Vittorio Sereni e l’avanguardia: ecco qual è stata l’evoluzione della poesia italiana nel secondo dopoguerra

Vittorio Sereni è stato un poeta italiano importante nel secondo dopoguerra italiano.

Un’immagine di un giovane Vittorio Sereni (Google)

Il poeta, negli anni ‘60, ha rivoluzionato il modo di fare poesia, ritornando alle origini.
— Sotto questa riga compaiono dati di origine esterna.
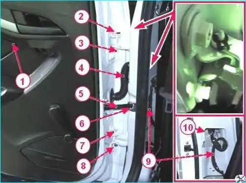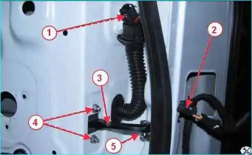Отсоединяем колодку 10, рисунок 2, жгута 9 проводов заднего от колодки жгута проводов двери, извлекаем защитную трубку 4 жгута проводов двери, а затем и жгут проводов из отверстия в стойке кузова.

Vittorio Sereni e la neoavanguardia

Il secondo dopoguerra è stato un periodo di rivoluzione storica e culturale.
La crisi colpì la società intera: dalla politica alla letteratura.
Vittorio Sereni, che era stato prigioniero in Algeria durante la Seconda Guerra Mondiale, aveva assaporato il vento del cambiamento.
In quel periodo la cultura era dominata dalla neoavanguardia, un movimento che ha caratterizzato una parte della storia letteraria italiana.
Essa prevedeva un ritorno al realismo e all’impegno in prima linea del poeta.
Sereni, oltre ad applicare questo schema alle sue poesie, cercava un più intimo e segreto modo di esprimere se stesso e la nuova società che cambiava.
Il ricordo, il paesaggio, la morte, ma anche l’industria che omologa merci e persone, fecero parte dell’importante composizione di Sereni.
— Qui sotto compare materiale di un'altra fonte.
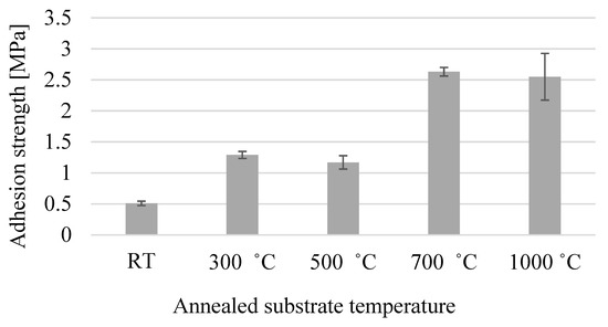 The adhesion strength of the cold-sprayed TiO2 coating on annealed SUS 304 stainless steel are shown in Figure 2. The TiO2 coating on the annealed hard substrates showed an increased trend of adhesion strength from room temperature to 1000 °C, with values from 0.51 to 2.55 MPa.
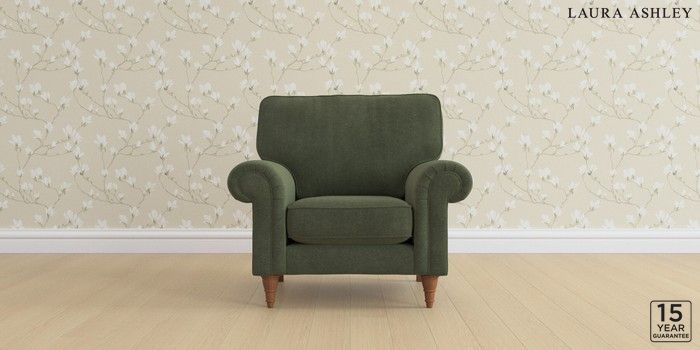 6.12.13 Buy Kingston by Laura Ashley Armchair Lundar Chenille Ivy Green Low Turned - Teak from the Next UK online shop Click here to use our accessible website

Un’immagine di Vittorio Sereni (Google)

La “nuova” poesia di Vittorio Sereni

La raccolta più importante di sereni è “Gli strumenti umani”.
Qui, nei suoi scritti, Sereni cerca quindi un riferimento al presente che muta, ma tornando spesso al passato.
Il ricordo e la memoria assumono un ruolo importante, così come l’amore e l’amicizia, le uniche emozioni che possono salvare l’uomo.
Importante ruolo assume la morte, vista come un “luogo” onirico e salvifico.
Sono molti i richiami ad una letteratura passata: Dante e Seneca assumono un ruolo importante nella sua poesia, così come i più recenti Saba e Leopardi.
Per Sereni la poesia deve raccontare un passaggio ed essere utile, un punto comune a tutta la comunità.

Vittorio Sereni e la società degli anni Sessanta

Gli anni Sessanta del 1900 sono stati importanti nella cultura e nella letteratura italiana.
Il boom del secondo dopoguerra faceva intravedere una nuova rinascita ed erano molte le aspettative per il futuro.
Sereni patisce un po’ questa nuova idea di futuro, per lui dominata solo dal consumismo e dai “nuovi padroni”: i dirigenti di fabbrica.
Dopotutto, Sereni non è andato lontano della realtà.
Nelle sue poesie, quindi, cerca di aggrapparsi a situazioni conosciute, come il ricordo e il paesaggio, per rifuggire ad un futuro secondo lui incerto e asettico.
Vittorio Sereni è stato un importante anello di congiungimento tra le “vecchia” e la “nuova” poesia, mescolando sensazioni positive e ricordi all’incertezza del domani.